Cleveland Sage – Salvia clevelandii

This lovely low-water, evergreen shrub for sun and part sun sites works in all but the heaviest clay soils. It will probably still grow in those soils, and in shade, but it will lose one of its nicest attributes, which is that it naturally retains a compact, rounded form to about four feet. Blue flowers from mid spring to early-summer, in that oh-so-sage-like whirl shape. Blooms hold color for a few months and attract a variety of birds and pollinators. About the only care is an annual shearing of old flowers if keeping it tidy-looking is important, as in front yards. If you water it too much to keep it green all summer, it may be short-lived. If you can tolerate a bit of summer dryness, once a month watering should do and the shrub will live a decade or more. There are lots of slight variations to the species: “Pozo Blue,” “Allen Chickering,” “Aromas,” and “Winifred Gilman” are a few.

Deer Grass – Muhlenbergia rigens

Still the go-to plant for a nice, compact, large California native bunch grass. Replacement for non-native fountain grass and pampas grass. Use it to add structure to a planting bed, mark a boundary or pathway, or for modern or formal effect. Grows to about four feet wide, three or more feet tall, with tall wand-like seed stalks in spring through fall that blow in the breeze and add a lot of interest and calmness to a garden. If you use several, be sure not to crowd them too much or plant too close to a walkway. They look funny if they are over-pruned and their natural roundness lost. Trim about 50-percent or more off every year or so to keep it looking greener as it ages. Winter dormant, but not quite as ugly as a dormant fountain grass. Water low-moderately, or very little on heavy soils. As they mature, water less on everything except quite sandy soils. A traditional bakset-making plant.

Margarita BOP Penstemon – Penstemon heterophyllus X ‘Margarita BOP’

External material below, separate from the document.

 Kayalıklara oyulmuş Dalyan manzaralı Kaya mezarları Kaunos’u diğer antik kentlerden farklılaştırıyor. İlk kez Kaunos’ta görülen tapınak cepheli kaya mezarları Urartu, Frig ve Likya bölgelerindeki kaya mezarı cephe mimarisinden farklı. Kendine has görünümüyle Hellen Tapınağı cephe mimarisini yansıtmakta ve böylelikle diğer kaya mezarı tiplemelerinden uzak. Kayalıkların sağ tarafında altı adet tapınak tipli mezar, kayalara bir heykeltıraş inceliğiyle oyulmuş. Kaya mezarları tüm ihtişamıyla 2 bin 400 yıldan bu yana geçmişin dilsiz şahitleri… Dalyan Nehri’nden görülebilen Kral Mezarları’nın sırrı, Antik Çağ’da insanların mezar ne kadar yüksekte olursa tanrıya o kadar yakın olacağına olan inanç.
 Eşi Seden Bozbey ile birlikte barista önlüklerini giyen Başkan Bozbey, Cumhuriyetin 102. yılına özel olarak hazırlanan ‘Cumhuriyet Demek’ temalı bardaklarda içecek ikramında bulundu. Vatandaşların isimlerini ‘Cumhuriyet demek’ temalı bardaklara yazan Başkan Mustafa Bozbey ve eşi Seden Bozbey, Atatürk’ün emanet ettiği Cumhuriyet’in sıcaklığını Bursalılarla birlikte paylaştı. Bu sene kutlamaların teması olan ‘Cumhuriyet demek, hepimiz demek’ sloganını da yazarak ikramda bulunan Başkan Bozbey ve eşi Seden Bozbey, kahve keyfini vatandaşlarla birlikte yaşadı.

A wild hybrid between P. heterophyllus and P. laetus, according to Las Pilitas Nursery founder Bert Evans, who discovered the original seedling and named it for where he found it: “Bottom of the Porch.” Penstemons, like sage, hybridize freely. The original plant died in 1998, but fortunately the species is still in the nursery trade. The blue-to-purple flowers (color depends on site, soil and year), in spring rise above an evergreen perennial that grows 1-3 feet tall, depending on how much sun it gets. Welcome in all gardens, it tolerates neglect, but keep it watered the first year or so, then back off as it gets established. Slopes, cottage gardens, pollinator gardens, container gardens, walkway borders…the uses seem about endless.

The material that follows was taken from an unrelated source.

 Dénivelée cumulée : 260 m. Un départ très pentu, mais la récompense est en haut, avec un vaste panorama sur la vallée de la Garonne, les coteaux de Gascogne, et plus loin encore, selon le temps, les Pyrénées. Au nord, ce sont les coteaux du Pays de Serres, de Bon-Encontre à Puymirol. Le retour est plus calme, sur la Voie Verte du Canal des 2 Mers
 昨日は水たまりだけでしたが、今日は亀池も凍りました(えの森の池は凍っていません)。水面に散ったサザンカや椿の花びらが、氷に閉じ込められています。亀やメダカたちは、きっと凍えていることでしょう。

It looks a lot like its parent, Mountain Penstemon, P. heterophyllus, which grows in our local Sierra foothills. But M BOP better tolerates garden conditions like clay-ish soil and too much water. It’s other parent, P. laetus, also grows in our foothills, but tends to be finicky in the garden. So this hybrid is so useful – thanks, Bert Evans (RIP)!

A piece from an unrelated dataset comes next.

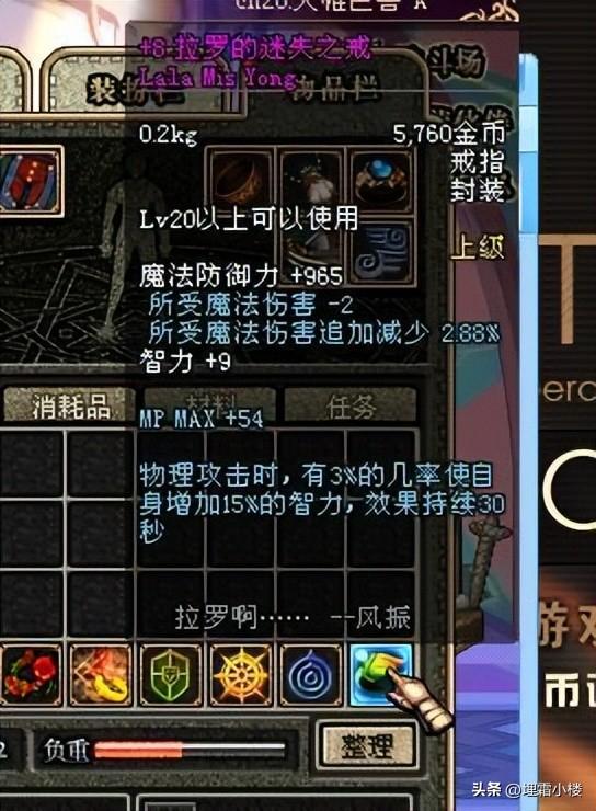 这个戒指在很长一段时间里都是法系职业的首选,用魔法攻击时,就有几率提升8%智力,并且触发特效还能叠加2次。由于当时法系职业还算冷门,以至于这枚戒指的价格并不太离谱。如果将智力变成力量,那要卖多少钱,让人不敢想。

Quail Bush – Atriplex lentiformis brewerii

I wish more of us with large yards would find a spot for this hearty, soil-improving shrub. Plant it to begin restoration of disturbed, weedy, former pasture-land that you want to grow prettier plants on. Although some of us think Quail Bush is quite pretty itself. Grow it where you need a quick plant fence or privacy screen. Plant it where you want to give quail a happy home. Plant it behind darker green plants to pop the “wow” contrast in your yard. Plant it where you don’t want or can’t water regularly. About the only conditions it doesn’t like is nice, deep loamy rich soil, where it doesn’t have a job to do. This is a tough plant that once covered more of the valley floor along with its salt bush cousins. The salt bush scrublands were largely removed from the valley floor in the last 100 years to make way for mono-crop agriculture, buildings and rangeland. Protect Quail Bush from browsers and grazers when its tiny. Rabbits and cattle know a good plant when they see one and will eat it to nothing. Quail and other birds like the seeds and the cover. Lizards like Quail bush too. Hardly water it unless you want a real giant. Naturally grows to 12 feet or so. Sure, you can hedge it. Just don’t baby it and it will be very happy.